Defining System Model
Service Unit and Component Lifecycle Management
Service Group Management
Best Possible Assignment at Boot-time
CSI Assignment
Node Management
Administrative Control
Fault Recovery
Faults at Node
AMF Client AP

Component Manager (CPM)

The CPM is an operational manager entity, responsible for managing the various Service Units and components through their lifecycle, based on configured policy and instructions from the AMS. The following are the functions of CPM:

Hierarchical Component Management
Boot Management
Basic Component Lifecycle Management
Component Health Monitoring
Failure Event Generation
Automatic Logging of Health State Changes

CPM-AMS interaction

In SAFplus Platform world, the Availability Management Framework is implemented as two entities Availability Management Service (AMS) and Component Manager (CPM). Even though both the entities are in the same process, there is a very clear separation of functionalities between AMS and CPM.

AMS is a ‘server library’ that maintains the (configuration and status) information about the whole cluster, knows the policies that has been configured for different entities, the recovery (or repair) actions to be taken in case of an application failure, based on both the configured policies as well as the current cluster system state. AMS deals only with application components.

CPM is an operational entity which simply carries out the commands given by the AMS. However, CPM does manage the complete life cycle of the SAFplus Platform components. The recovery policy for the SAFplus Platform components is unlike AMS, very primitive. If an SAFplus Platform component fails, it will be simply restarted. There is a limit to these restart attempts however, after which the node will be shutdown.
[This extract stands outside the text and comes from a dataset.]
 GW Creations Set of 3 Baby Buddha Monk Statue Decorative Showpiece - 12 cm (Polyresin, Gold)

Interactions between AMS and CPM in brief:

1. AMS to CPM :

Call to CPM for managing the life cycle of the component.
Call to CPM for assigning (and removing) work to the component.
Informing CPM that some node for whom the shutdown request has come can (or cannot) be shutdown.
Informing CPM when taking node level recovery actions. (Node failfast and node failover.)

2. CPM to AMS :

Responding to AMS the success/failure of component life cycle or work assignment/removal request.
Reporting fault on the component, whenever a failure on that component is detected.
Querying AMS about the HA state of the component.
Informing to AMS that node is joining the cluster and is ready to provide service.
Informing to AMS that some node wants to leave the cluster and so if it is permitted for the node to be shutdown, switchover all the components and do the shutdown.
Informing to AMS that some node has exited ungracefully and hence do the failover the components without actually trying to contact the failed node.
Informing to AMS about availability/unavailability of some of the SAFplus Platform components.

CPM architecture

In an SAFplus Platform cluster, there is a CPM running on every node, managing the components on that node. This is in contrast to the AMS, which will be brought into life by CPM only if that node happens to be a system controller.

Based on whether AMS is initialized by CPM or not there are two types of CPM:

Local Component Manager. This is also called \b CPM/L (L standing for the local). The node (or blade) where CPM/L is running is called Worker Blade. The word Worker Node also means the same thing.
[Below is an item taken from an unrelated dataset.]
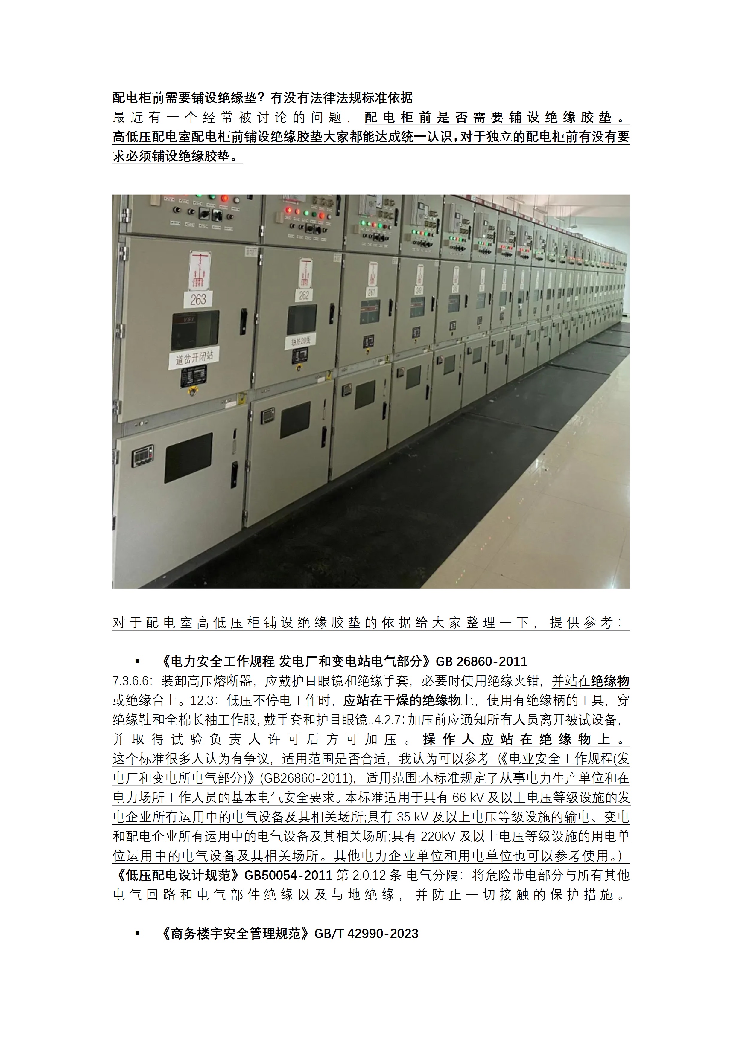 / 配电柜前需要铺设绝缘垫,有没有法律法规标准依据[文档]

Global Component Manager. This is also called \b CPM/G (G standing for the global). The node (or blade) where CPM/G is running is called System Controller Blade or simply System Controller .

The terms CPM/G and System Controller, CPM/L and Worker Blade (Worker Node) are used interchangeably, sometimes referring to the CPM running on the node as an entity and sometimes referring to the node itself where the particular type of CPM is running.

The differences between CPM/G and CPM/L are :

The AMS will be running only on System Controller node. The system controller node where AMS is running in active mode is said to have and Active HA state. Similarly the system controller where the AMS is running in standby mode is said to have Standby HA state. There will be no AMS running on a Worker Node however and so worker node does not have any HA state associated with it.

The CPM/G(Both active and standby) maintains the information about all the nodes (but not the components in those nodes) in the cluster and does the heart beating of all the nodes which are up and running. The CPM/L does not maintain any such information.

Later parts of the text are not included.